▶ **INSTRUCTIONS TO FOLLOW**
Return each line exactly, beginning with the one that has "팜플로나 시내를 빠져나와" and finishing with the final line of the material. Drop any pictures.
MATERIAL PROVIDED: Begin
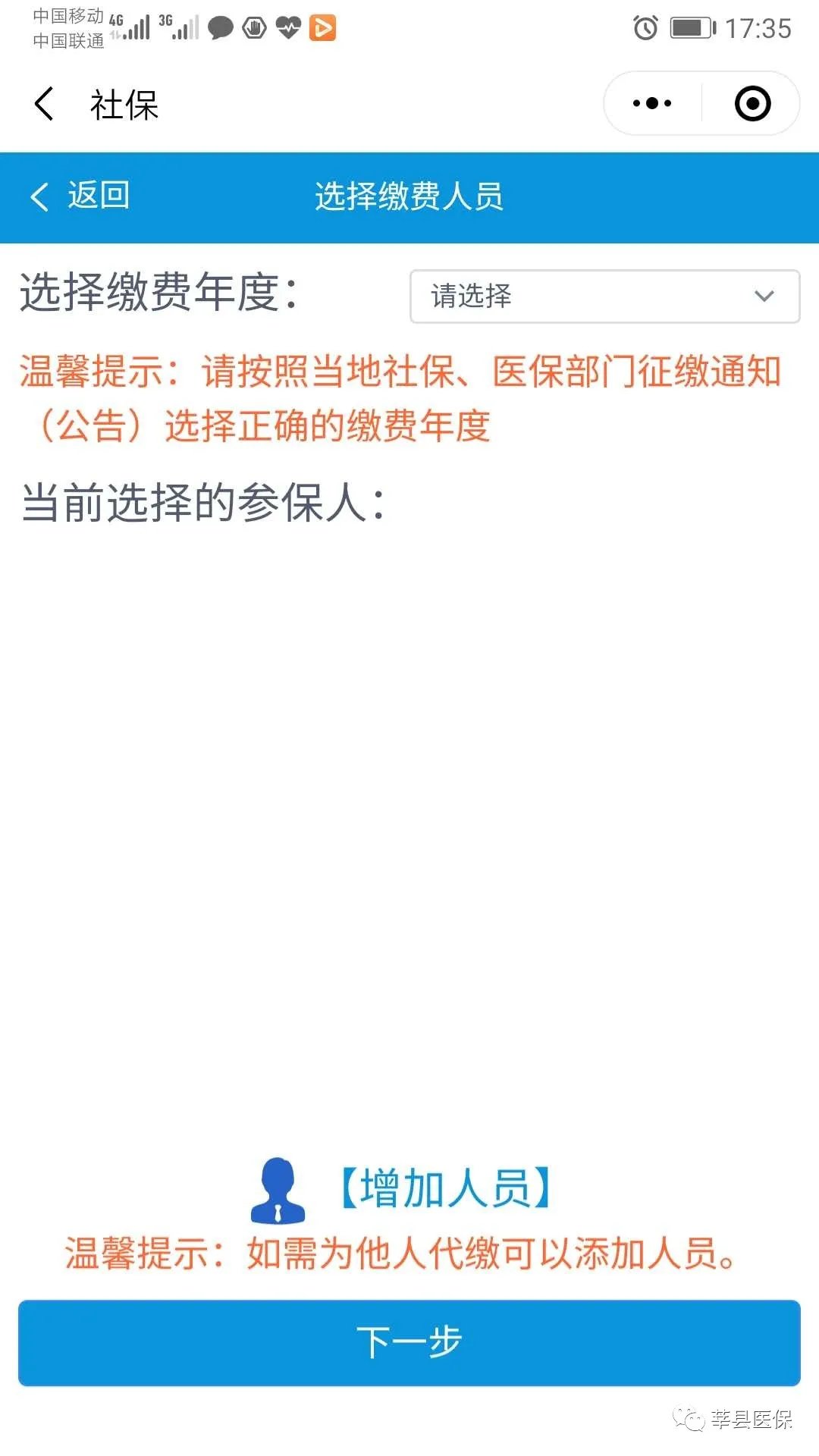 4、点击进入居民医保,“增加人员”信息,输入在校生基本信息,选择缴费年度为2022年。
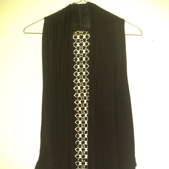 Open vest. 100 percent Rayon. Lattice inlay on back. Juniors Size Small. Made in USA. Hand Wash.
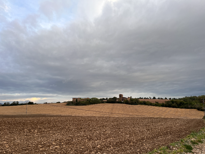 팜플로나 시내를 빠져나와 본격적인 순례길로 들어섭니다. 떠오르는 해를 등지고 걸어가며, 어제 팜플로나에서 '미카엘라'양이 준 초코빵을 베어물고 입 안 가득히 퍼지는 스페인 초코릿의 맛을 음미합니다. 10월 중순이라 그런지 추수를 끝낸 것으로 보이는 드넓은 논밭이 눈앞에 펼쳐집니다.
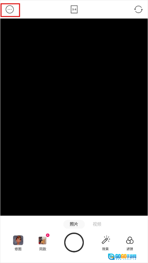 1、第一步先打开foodie相机,进入拍摄界面后,找到左上角的三个【…】图标并点击,具体位置可参考下图;
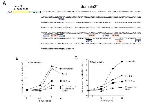 Fig. 4. EBMs and TLBMs as sub-elements of FREs. (A) Nucleotide sequence of the domain 2* region of Xcad3 intron 1. EBMs and TLBMs are marked and numbered. (B,C) Mutational analysis of EBMs (B) and TLBMs (C). Reporter constructs examined contain the domain 2* fragments that carry various combinations of mutations in EBMs or TLBMs, as indicated to the right of each graph (E1, 3 means that EBM1 and EBM3 are mutated). Mutations were introduced as follows: GAA to agA in E1, 2 and 4; TCC to ctC in E3 and 5; ATCCT to gTCga in E6; TTTGT to Tcgag in T1; TCAAA to TagAc in T2; TCAAAGG to Tgtcgac in T3; CTTTG to gaaTt in T4. Reporter activities of mutated constructs were analyzed as in Fig. 3, except that ectoderm cells were cultured in the absence or presence of increasing concentrations of bFgf. |
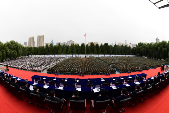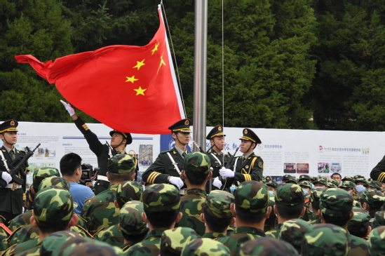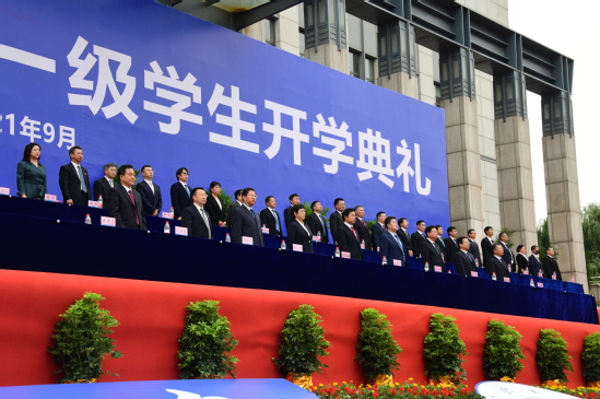 9月13日,东北大学2021级学生开学典礼在知行广场隆重举行。军训团团长、32126部队李兆武上校,校领导熊晓梅、冯夏庭、孙正林、杨明、张国臣、孙雷、刘建昌、王建华、唐立新,校党委常委、组织部部长王辉,各学院和有关部门负责人、军训团教官等出席典礼。2021级全体本科生、研究生参加开学典礼。副校长王建华主持典礼。
MATERIAL PROVIDED: End
▶ **ANSWER TO THIS TASK**
 팜플로나 시내를 빠져나와 본격적인 순례길로 들어섭니다. 떠오르는 해를 등지고 걸어가며, 어제 팜플로나에서 '미카엘라'양이 준 초코빵을 베어물고 입 안 가득히 퍼지는 스페인 초코릿의 맛을 음미합니다. 10월 중순이라 그런지 추수를 끝낸 것으로 보이는 드넓은 논밭이 눈앞에 펼쳐집니다.
 1、第一步先打开foodie相机,进入拍摄界面后,找到左上角的三个【…】图标并点击,具体位置可参考下图;
 Fig. 4. EBMs and TLBMs as sub-elements of FREs. (A) Nucleotide sequence of the domain 2* region of Xcad3 intron 1. EBMs and TLBMs are marked and numbered. (B,C) Mutational analysis of EBMs (B) and TLBMs (C). Reporter constructs examined contain the domain 2* fragments that carry various combinations of mutations in EBMs or TLBMs, as indicated to the right of each graph (E1, 3 means that EBM1 and EBM3 are mutated). Mutations were introduced as follows: GAA to agA in E1, 2 and 4; TCC to ctC in E3 and 5; ATCCT to gTCga in E6; TTTGT to Tcgag in T1; TCAAA to TagAc in T2; TCAAAGG to Tgtcgac in T3; CTTTG to gaaTt in T4. Reporter activities of mutated constructs were analyzed as in Fig. 3, except that ectoderm cells were cultured in the absence or presence of increasing concentrations of bFgf. |
 9月13日,东北大学2021级学生开学典礼在知行广场隆重举行。军训团团长、32126部队李兆武上校,校领导熊晓梅、冯夏庭、孙正林、杨明、张国臣、孙雷、刘建昌、王建华、唐立新,校党委常委、组织部部长王辉,各学院和有关部门负责人、军训团教官等出席典礼。2021级全体本科生、研究生参加开学典礼。副校长王建华主持典礼。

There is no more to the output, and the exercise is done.